DATA -
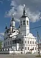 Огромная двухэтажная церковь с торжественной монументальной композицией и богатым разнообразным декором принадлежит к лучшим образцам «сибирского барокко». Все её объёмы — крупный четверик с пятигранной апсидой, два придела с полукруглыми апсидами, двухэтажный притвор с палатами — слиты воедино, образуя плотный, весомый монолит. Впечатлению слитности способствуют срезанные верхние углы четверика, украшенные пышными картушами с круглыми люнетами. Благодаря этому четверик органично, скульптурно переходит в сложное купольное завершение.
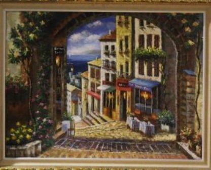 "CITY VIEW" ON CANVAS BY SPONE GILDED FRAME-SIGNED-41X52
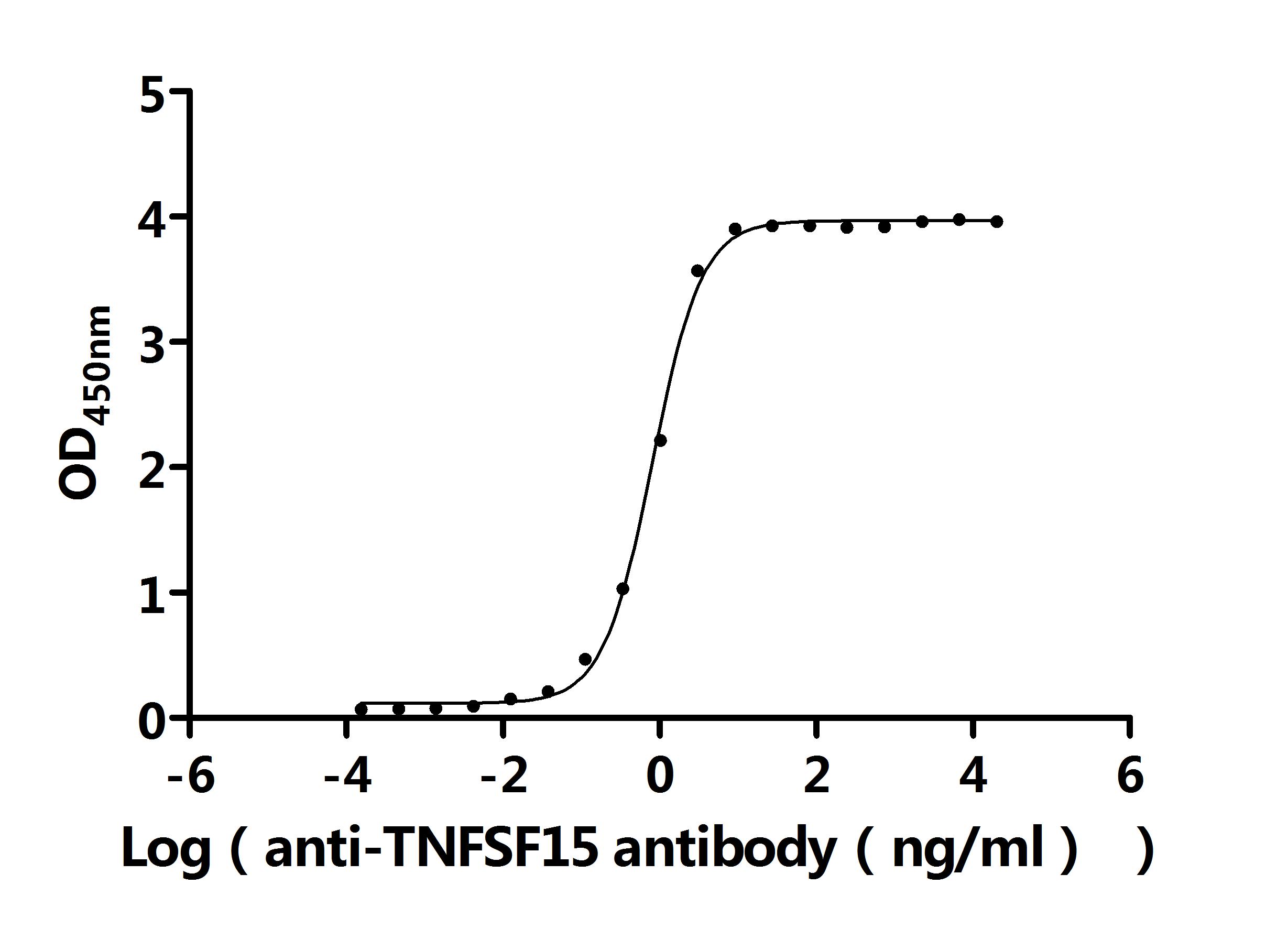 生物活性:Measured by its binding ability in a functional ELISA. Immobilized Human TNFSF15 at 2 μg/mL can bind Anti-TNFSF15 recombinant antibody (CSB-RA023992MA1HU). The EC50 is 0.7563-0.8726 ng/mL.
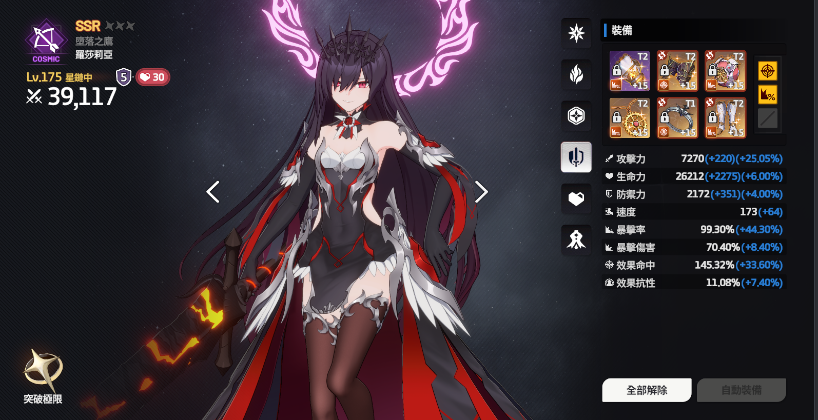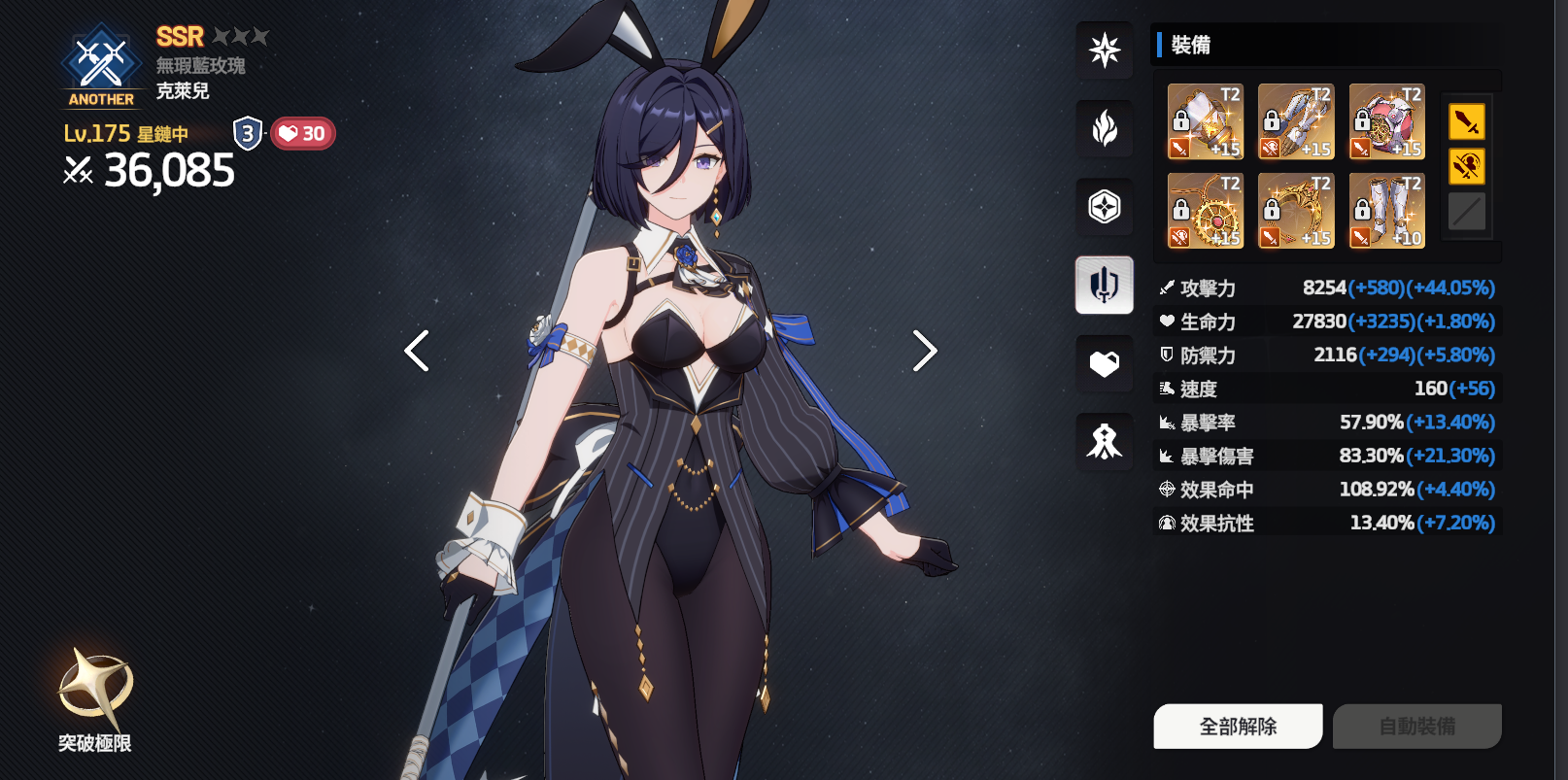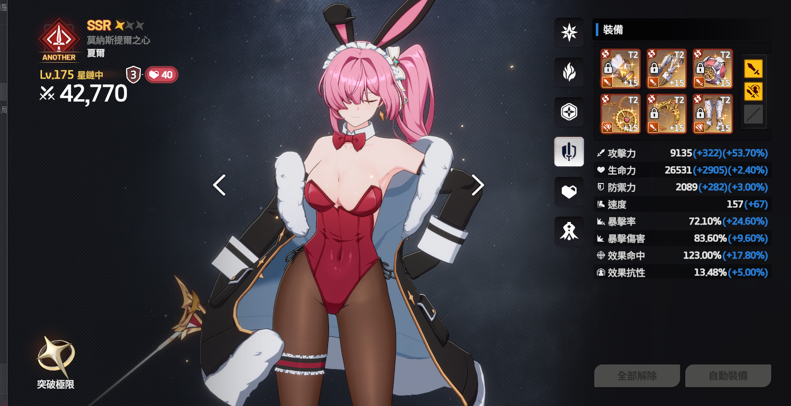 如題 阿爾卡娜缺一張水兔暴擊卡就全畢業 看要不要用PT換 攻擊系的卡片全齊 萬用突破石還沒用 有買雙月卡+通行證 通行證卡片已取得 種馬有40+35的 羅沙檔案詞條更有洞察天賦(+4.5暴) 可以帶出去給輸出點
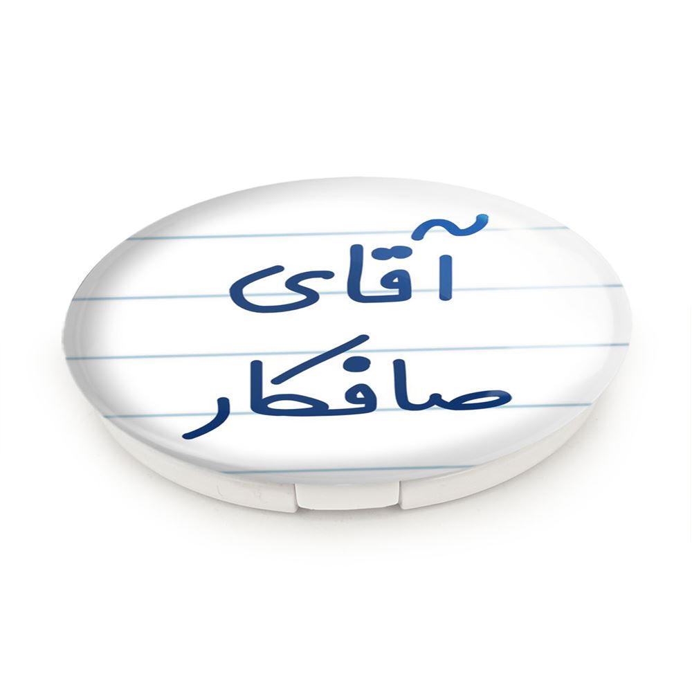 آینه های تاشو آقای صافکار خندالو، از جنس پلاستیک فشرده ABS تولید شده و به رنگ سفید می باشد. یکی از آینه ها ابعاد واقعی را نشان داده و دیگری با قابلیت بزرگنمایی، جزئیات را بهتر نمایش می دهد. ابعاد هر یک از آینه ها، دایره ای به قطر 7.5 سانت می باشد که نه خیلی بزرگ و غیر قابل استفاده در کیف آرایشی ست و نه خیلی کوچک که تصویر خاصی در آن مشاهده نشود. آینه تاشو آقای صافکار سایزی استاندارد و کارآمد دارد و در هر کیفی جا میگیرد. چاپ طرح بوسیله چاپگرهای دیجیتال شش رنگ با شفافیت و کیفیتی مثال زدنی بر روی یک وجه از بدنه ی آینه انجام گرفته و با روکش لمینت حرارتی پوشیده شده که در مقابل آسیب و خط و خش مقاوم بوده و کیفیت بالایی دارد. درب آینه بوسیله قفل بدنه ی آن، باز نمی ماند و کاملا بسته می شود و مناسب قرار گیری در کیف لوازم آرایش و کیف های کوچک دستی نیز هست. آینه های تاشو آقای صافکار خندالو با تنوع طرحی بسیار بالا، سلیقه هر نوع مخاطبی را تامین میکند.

ACTIVITY - Apart from the pictures, all of the data must be duplicated exactly as shown above.

TASK RESPONSE -
 Огромная двухэтажная церковь с торжественной монументальной композицией и богатым разнообразным декором принадлежит к лучшим образцам «сибирского барокко». Все её объёмы — крупный четверик с пятигранной апсидой, два придела с полукруглыми апсидами, двухэтажный притвор с палатами — слиты воедино, образуя плотный, весомый монолит. Впечатлению слитности способствуют срезанные верхние углы четверика, украшенные пышными картушами с круглыми люнетами. Благодаря этому четверик органично, скульптурно переходит в сложное купольное завершение.
 "CITY VIEW" ON CANVAS BY SPONE GILDED FRAME-SIGNED-41X52
 生物活性:Measured by its binding ability in a functional ELISA. Immobilized Human TNFSF15 at 2 μg/mL can bind Anti-TNFSF15 recombinant antibody (CSB-RA023992MA1HU). The EC50 is 0.7563-0.8726 ng/mL.
 如題 阿爾卡娜缺一張水兔暴擊卡就全畢業 看要不要用PT換 攻擊系的卡片全齊 萬用突破石還沒用 有買雙月卡+通行證 通行證卡片已取得 種馬有40+35的 羅沙檔案詞條更有洞察天賦(+4.5暴) 可以帶出去給輸出點
 آینه های تاشو آقای صافکار خندالو، از جنس پلاستیک فشرده ABS تولید شده و به رنگ سفید می باشد. یکی از آینه ها ابعاد واقعی را نشان داده و دیگری با قابلیت بزرگنمایی، جزئیات را بهتر نمایش می دهد. ابعاد هر یک از آینه ها، دایره ای به قطر 7.5 سانت می باشد که نه خیلی بزرگ و غیر قابل استفاده در کیف آرایشی ست و نه خیلی کوچک که تصویر خاصی در آن مشاهده نشود. آینه تاشو آقای صافکار سایزی استاندارد و کارآمد دارد و در هر کیفی جا میگیرد. چاپ طرح بوسیله چاپگرهای دیجیتال شش رنگ با شفافیت و کیفیتی مثال زدنی بر روی یک وجه از بدنه ی آینه انجام گرفته و با روکش لمینت حرارتی پوشیده شده که در مقابل آسیب و خط و خش مقاوم بوده و کیفیت بالایی دارد. درب آینه بوسیله قفل بدنه ی آن، باز نمی ماند و کاملا بسته می شود و مناسب قرار گیری در کیف لوازم آرایش و کیف های کوچک دستی نیز هست. آینه های تاشو آقای صافکار خندالو با تنوع طرحی بسیار بالا، سلیقه هر نوع مخاطبی را تامین میکند.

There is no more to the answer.